Repurposing Deleuze and Design

Datum

2019-09-18

Zeitschriftentitel

ISSN der Zeitschrift

Bandtitel

Verlag

University of Oregon

Zusammenfassung

Gilles Deleuze’s interdisciplinary reception privileges the term, “assemblage,” but this translation runs the risk of appearing as jargon, whereas the original agencement would appear to a French audience as a more ordinary term. In the absence of a better alternative translation, I propose that we translate the problems motivating Deleuze’s word choice rather than the word, agencement, itself. I consult a wide range of the figures influential for Deleuze and Félix Guattari who are relevant for the many contexts in which agencement appears in their work. This leads me to propose design as suitable terrain for redescribing Deleuze’s philosophy. At the other end of the project, I note that design has its own share of problems. Theoretical approaches to design are often limited to particular kinds of design, and there are few efforts to reconcile design theories and definitions rooted in different designs, e.g. cinematography and engineering.
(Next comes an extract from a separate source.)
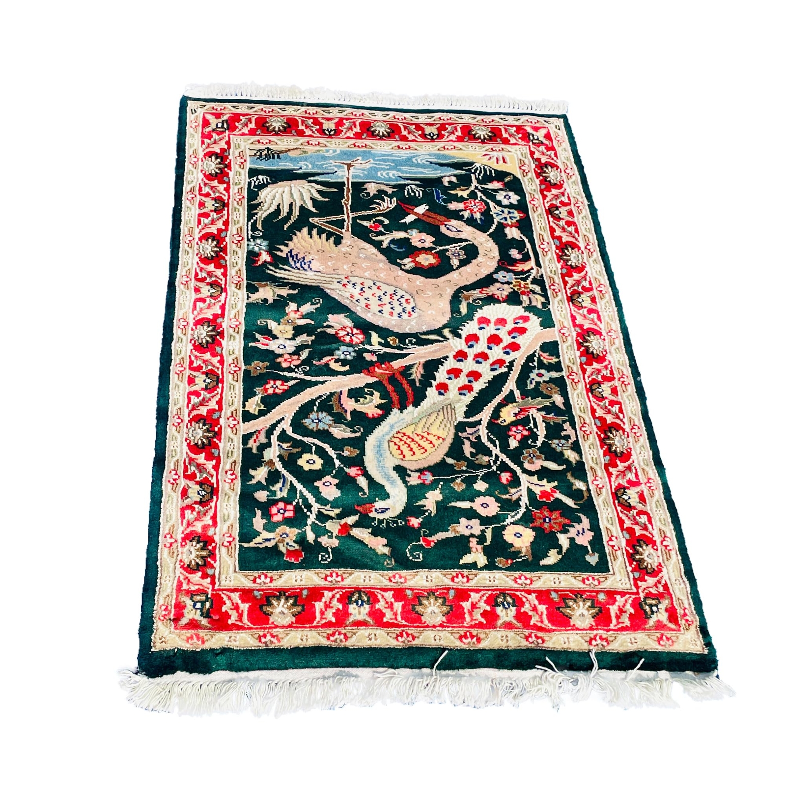 Al Ahmedani Linen Peacock Ostrich Tree of Life Rectangle Hand Knotted Area Rug Home Decor Wool Silk Indoor Carpet (4.1 x 2.8)'. For the perfect combination of unique, beautiful style and high-quality durability, the attention to detail on these beautiful contemporary rugs is noticed as soon as you lay eyes on the carpet. The rug appears dull when viewed from one side, and shiny from the other side. Please view the picture at the bottom to see the bright side of the rug. This rug can help brighten up a room if you do not get much sunlight. Simply put the bright side facing the seating area and it will make the room appear surprisingly bright. Wonderful design with multi-color, easily compatible with most home decor. Blended color schemes match well with all styles of furniture and art. Give your home an elegant touch with this area rug. Great for any decor, it adds texture to the floor and complements any decor. 100% Genuine Hand Knotted-Rug not hand tufted.
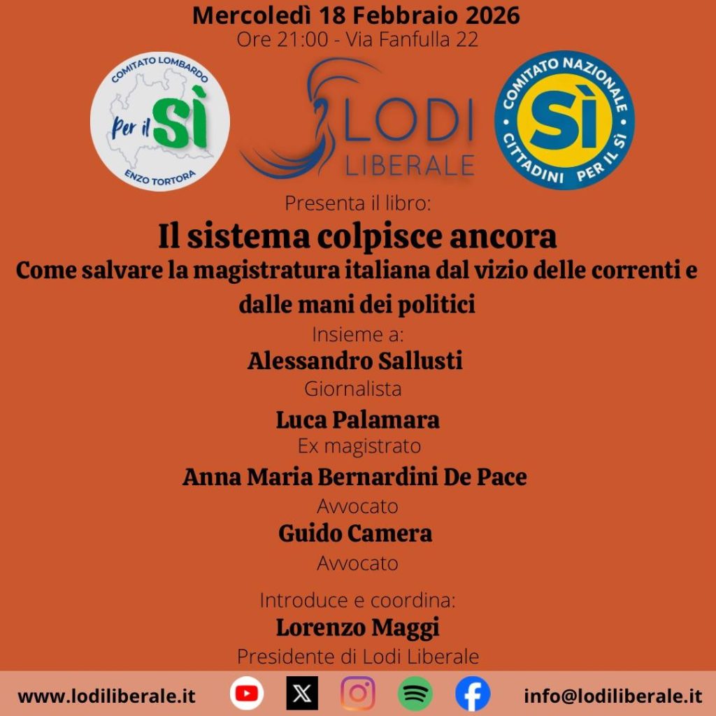 Giustizia, correnti e riforme: temi che tornano al centro del dibattito pubblico anche in vista del referendum previsto per il 22-23 marzo. Questa sera, mercoledì 18 febbraio alle ore 21, in via Fanfulla 22 a Lodi, si terrà la presentazione del libro “Il sistema colpisce ancora. Come salvare la magistratura italiana dal vizio delle correnti e dalle mani dei politici”.

Most accounts, though, define design primarily or exclusively in terms of its purpose or intended function. This poses problems for understanding changes in function and design’s unintended effects. Deleuze scholarship and design both have problems, and therefore I use each as an intervention into the other: design affords us the opportunity to redescribe Deleuze’s philosophy, while the problems at stake in Deleuze’s philosophy allows us to redescribe design and treat design in a more comprehensive manner. In the end, I propose that we understand agencement as the interaction between coinciding, heterogeneous considerations or perspectives of the same substance; a living room is a series of activities, a spatial configuration of things, a collection of ideas, an arena of feelings and affects, and so on. We can tell a similar story with design, which explains why intentional design decisions can have unintended consequences. I arrange furniture while considering quantity, but unbeknownst to me, the change in quantity results in a change in quality. Both agencement and design are ways of describing how considerations which are different in kind can nevertheless coincide and affect one another.